5.4 KiB
Flow Transport
This section describes the design and implementation of the flow transport wire protocol (as of release 6.3).
ConnectPacket
The first bytes sent over a tcp connection in flow are the ConnectPacket
.
This is a variable length message (though fixed length at a given protocol
version) designed with forward and backward compatibility in mind. The expected length of the ConnectPacket
is encoded as the first 4 bytes (unsigned, little-endian). Upon receiving an incoming connection, a peer reads the ProtocolVersion
(the next 8 bytes unsigned, little-endian. The most significant 4 bits encode flags and should be zeroed before interpreting numerically.) from the ConnectPacket
.
Protocol compatibility
Based on the incoming connection's ProtocolVersion
, this connection is either
"compatible" or "incompatible". If this connection is incompatible, then we
will not actually look at any bytes sent after the ConnectPacket
, but we will
keep the connection open so that the peer does not keep trying to open new
connections.
If this connection is compatible, then we know that our peer is using the same wire protocol as we are and we can proceed.
Framing and checksumming protocol
As of release 6.3, the structure of subsequent messages is as follows:
- For TLS connections:
- packet length (4 bytes unsigned little-endian)
- token (16 opaque bytes that identify the recipient of this message)
- message contents (packet length - 16 bytes to be interpreted by the recipient)
- For non-TLS connections, there's additionally a crc32 checksum for message integrity:
- packet length (4 bytes unsigned little-endian)
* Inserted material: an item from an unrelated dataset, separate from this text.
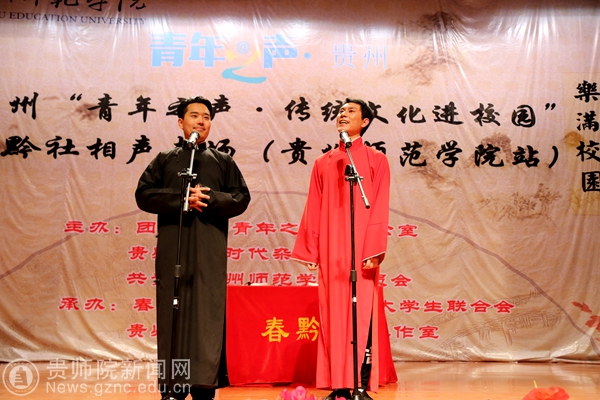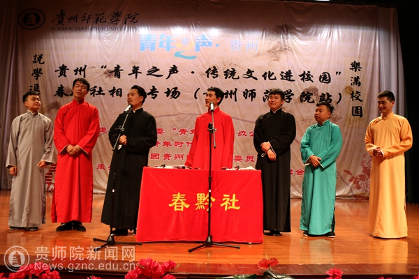 本网讯  中华民族有着悠久的传统文化,而相声更是中华民族传统文化的瑰宝,是中华民族传统曲艺当中最受人们喜爱的方式。为了加强我校师生对传统文化的深刻认识,5月11日晚上,由团省委青年之声办公室、贵州青年时代杂志社主办的“青年之声·传统文化进校园”在我校演播厅精彩演出。参加本次相声演出的有李大成、赵磊、张翰文、洪方舟、刘振峰、高振洋、马晓鹏等7位老师。

- 4 byte crc32 checksum of token + message
- token
- message
Well-known endpoints
Endpoints are a pair of a 16 byte token that identifies the recipient and a network address to send a message to. Endpoints are usually obtained over the network - for example a request conventionally includes the endpoint the reply should be sent to (like a self-addressed stamped envelope). So if you can send a message and get endpoints in reply you can start sending messages those endpoints. But how do you send that first message? That's where the concept of a "well-known" endpoint comes in. Some endpoints (for example the endpoints coordinators are listening on) use "well-known" tokens that are agreed upon ahead of time. Technically the value of these tokens could be changed as part of an incompatible protocol version bump, but in practice this hasn't happened and shouldn't ever need to happen.
Flatbuffers
Prior to release-6.2 the structure of messages (e.g. how many fields a message has) was implicitly part of the protocol version, and so adding a field to any message required a protocol version bump. Since release-6.2 messages are encoded as flatbuffers messages, and you can technically add fields without a protocol version bump. This is a powerful and dangerous tool that needs to be used with caution. If you add a field without a protocol version bump, then you can no longer be certain that this field will always be present (e.g. if you get a message from an old peer it might not include that field.) We don't have a good way to test two or more fdbserver binaries in simulation, so we discourage adding fields or otherwise making any protocol changes without a protocol version bump. Bumping the protocol version is costly for clients though, since now they need a whole new libfdb_c.so to be able to talk to the cluster at all.
Stable Endpoints
Stable endpoints are a proposal to allow protocol compatibility to be checked per endpoint rather than per connection. The proposal is to commit to the current (release-6.3) framing protocol for opening connections, and allow a newer framing protocol (for example a new checksum) to be negotiated after the connection has been established. This way even if peers are at different protocol versions they can still read the token each message is addressed to, and they can use that token to decide whether or not to attempt to handle the message. By default, tokens will have the same compatibility requirements as before where the protocol version must match exactly. But new tokens can optionally have a different policy - e.g. handle anything from a protocol version >= release-7.0. One of the main features motivating "Stable Endpoints" is the ability to download a compatible libfdb_c from a coordinator.
Changes to flow transport for Stable Endpoints
- Well known endpoints must never change (this just makes it official)
- The (initial) framing protocol must remain fixed. If we want to change the checksum, we can add a stable, well known endpoint that advertises what checksums are supported and use this to change the checksum after the connection has already been established.
- Each endpoint can have a different compatibility policy: e.g. an endpoint can be marked as requiring at least
ProtocolVersion::withStableInterfaces()
like this:
ReplyPromise<ProtocolInfoReply> reply{ PeerCompatibilityPolicy{ RequirePeer::AtLeast,
ProtocolVersion::withStableInterfaces() } };
4. Well known endpoints no longer need to be added in a particular order. Instead you reserve the number of well known endpoints ahead of time and then you can add them in any order.